Defined Benefit
Pension Plans
The Defined Benefit Plan is an effective tool for employers who desire, and are committed to, funding a contribution in excess of the “25% of pay” limit available in defined contribution plans.
The plan works on the premise of providing a defined stream of payments for the duration of a participant’s retirement. The contributions to the plan are required to accumulate the sum of money needed to pay this stream of payments. While there are limits imposed on the lump sum benefit that one can accrue at normal retirement age, there is no annual contribution limit.
Key Plan Features and Commitments
Contribution Features
Allows for large tax deductions and rapid accumulation of assets.
Generally provides greater contributions for participants close to retirement age.
Ideal for older business owners with stable cash flows who wish to defer taxation.
Plan Sponsor Commitments
The plan is generally required to be sponsored for three to five years.
Contributions have some flexibility but are required on an annual basis.

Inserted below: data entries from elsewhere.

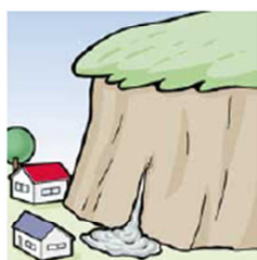
がけから急に水がわき出る①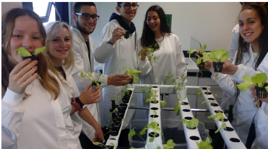
FIGURA 1. Técnica de Hidroponia.

Este sistema de cultivo permitiu trabalhar diferentes conteúdos relativos à electricidade, hidrostática e caudal volumétrico em Física; nutrição mineral das plantas, anatomia e fisiologia vegetal em Biologia. Na disciplina de Química foram trabalhados os seguintes temas: funções químicas, soluções, equilíbrio químico, condutividade elétrica e densidade da solução nutritiva, concentração e pH.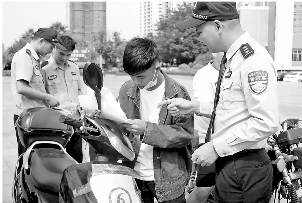
4月29日上午，市公安局港南分局集中返赃大会暨安全知识宣传活动在港南区行政中心广场举办。当天，港南警方向受害群众集中返还被抢抢两轮车、手机等一批赃物，并通过现场播放视频、发放宣传手册等形式，向群众宣传反诈、反恐、反邪教等安全知识。图为返赃现场。（记者欧钰宇摄）

一年之计在于春。为了大地的丰收和实现全年的经营目标，该厂党员干部职工发扬“孺子牛、拓荒牛、老黄牛”精神，开展党史学习教育，促进生产经营。今年以来，他们开足马力生产，日产化肥800多吨。针对春节期间销售旺季，外地工人休假返家的情况，从农历正月初三开始，厂领导、机关科室干部和车间下班的员工全员上阵装肥料、卸原料，最多的一天装车100多辆共2000多吨，卸原料车20多车共400多吨，得到了客商的好评。该厂积极开拓市场促进销售，今年第一季度，该厂成功打开东兴市、富川县和柳城县等地的化肥市场，共销售化肥8000多吨。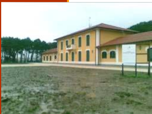
Foto dell'antico casale.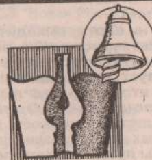
Редактор С. Трофимов

На самом деле тайна проста: девушка, поразительно похожая на знаменитую певицу, действительно существует и является ее родной сестрой. Сестренка-двойняшка, в отличие от Тани, живет на Украине и хоть петь так, как Таня, не умеет, зато хорошо готовит. Большой радостью для обеих Овсиенок являются встречи у мамы в Киеве. И несмотря на то, что сестры любят друг друга и по-родственному готовы сделать друг для друга чуть ли не все на свете, Таня сестру не афиширует - кто знает, может, и в самом деле понадобится двойник?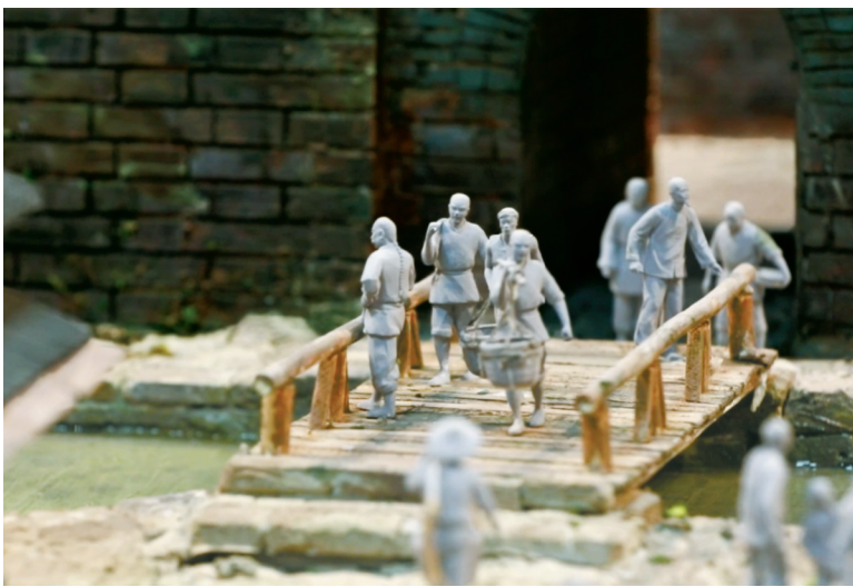
宁波塘河文化陈列馆一景。

除了天然的三条江外，还有人工挖掘的“六塘河”。“古书讲，越人以船为车，以楫为马”，水路交通是江南生活的重要组成部分。”周东旭说，“三江六塘河，一湖居城中”的甬城水系格局，不仅为城市提供了丰富的水资源，也作为大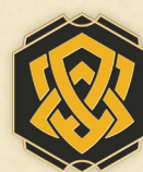
Pin de tinta Ámbar Disney Lorcana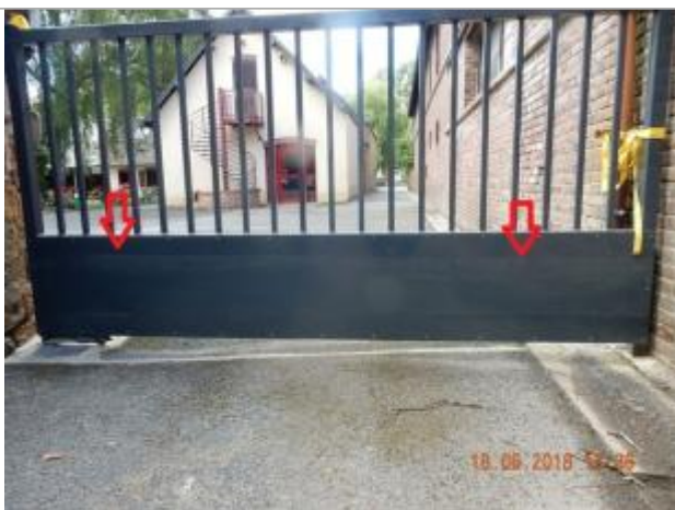
Traces sur le portail de la maison familiale

Altitude calculée de l'eau (en m) : 98.04 m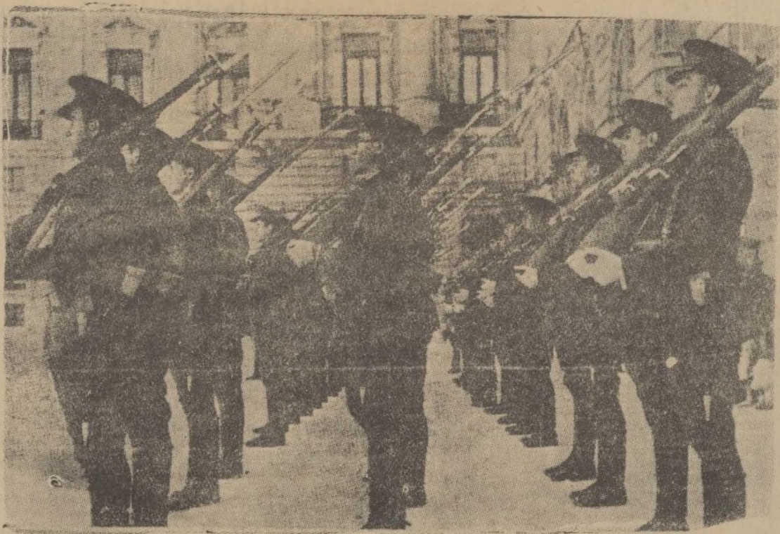
Los cadetes hacen guardia en el Palacio Nacional de Madrid. Una multitud abigarrada de ancianos, niños y mujeres contempla a diario la ceremonia de la entrada y salida de guardia y la parada habitual, amenizada por la banda. La marcialidad de los cadetes provoca la justa admiración del público.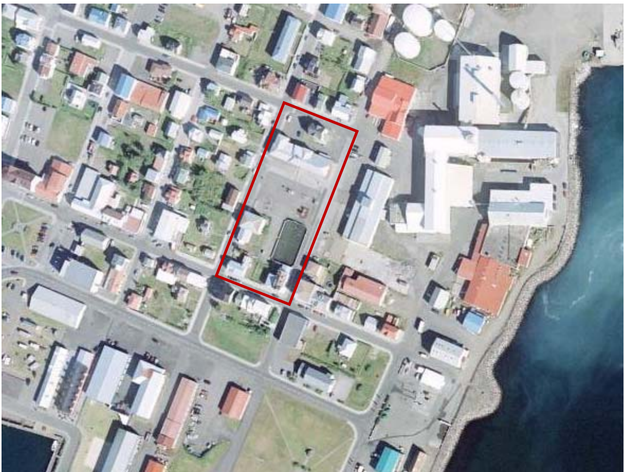
Mynd 1. Afmörkun skipulagssvæðisins. Undirliggjandi loftmynd er frá árinu 2011.

Skipulagssvæðið er alls um 7 þúsund m 2 að flatarmáli.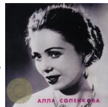
驚異のコラトゥーラ・ソプラノ / アラ・ソレンコワ [GRAND SLAM RECORDS GS-2042]

アラ・ソレンコワは旧ソ連で活躍した往年のソプラノ歌手。現在入手できる音源はほぼ皆無で、幻の存在。1956年(一説には57年とも)にボリショイ劇場の専属歌手となった彼女は、57年秋に来日し、全国で13公演を行った。実はこの日本滞在中に彼女は計13曲をスタジオにて録音。それらはアルバムとして新世界レコードから発売された。その音源が全曲完全な形で、更に貴重なボーナストラックを追加してCD化。彼女の歌声は「水晶」に例えられるという。すなわち「あたたかみのあるきらめき」。技巧を駆使したコロラトゥーラだが、決して耳障りにならない柔らかな響きは彼女ならではの一言。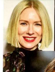
Sopra, Naomi Watts, 50, in medio-corto da circa un anno.

Plan requires annual certification by an enrolled actuary (included in APC fees).
May require government Pension Benefit Guaranty Corporation (PBGC) premium payments.
Sample Plan Allocation
Participants | Age | Compensation | Deduction | % of Contribution | Accumulation at Retirement* |
---|---|---|---|---|---|
Key EE | 55 | $265,000 | $192,500 | 93% | $1,834,000 |
Employee 1 | 24 | $25,000 | $2,500 | 1% | &$23,000 |
Employee 2 | 28 | $35,000 | $4,500 | 2% | $43,000 |
Employee 3 | 32 | $45,000 | $8,000 | 4% | $76,000 |
Total | $370,000 | $207,500 | $1,976,000 |
*As of Key Employees retirement date, assumed to be age 62 for this illustration.